Du könnetest die PCS7-Faceplates höchstens als Vorlage benutzen und die für deinen Fall umbauen.


----------



## baui (15 September 2011)

Hallo Leute,

ich bin ein newbi was Faceplate anbelangt und bin gerade dabei eines für ein SINAMICS S120 FU zu erstellen. Control, Status Word etc.. Bin noch am Anfang und weiß noch nicht wie diese genau in einem Bild dynamisiert werden.

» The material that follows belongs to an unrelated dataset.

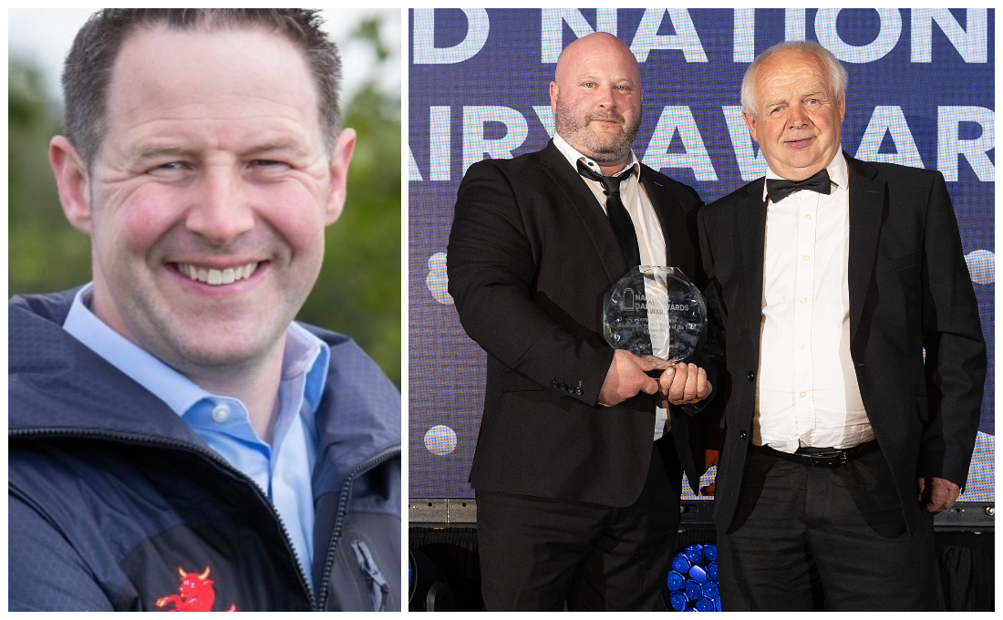 Pictured inset is Bruce Thompson. The main picture features Bruce's dad, Ian, picking up the award, on his son's behalf, for Kerry Dairy Ireland Biodiversity Dairy Farmer of the Year from James O'Connell of Kerry Dairy Ireland.

Gibt es ein Beispiel-Faceplate zu Antriebe?
Wo finde ich die PCS7-Faceplates-Vorlagen?
Gibt es noch mehr Infomaterial zu Faceplate als in dem Handbuch Arbeiten mit WinCC?

Vielen Dank im voraus!


----------



## Glüh (18 September 2011)

Hallo,

schau mal bei Siemens (AD) auf der HP unter Applikationen & tools
Dort findest du folgenden Beitrag.
Beispielbausteine für STEP 7 und WinCC
*Beitrags-ID:*31624179 



Link:http://support.automation.siemens.c...d=34677186&lang=de&cspltfrm=0&cssw=0&csbinh=8

Hier sind fertige Bausteine (sogar inkl. Quellcode/SCL-Code, bin mir aber nicht mehr ganz sicher) für die S7-300/400 inkl Faceplates und sogar eine Doku ist mit dabei.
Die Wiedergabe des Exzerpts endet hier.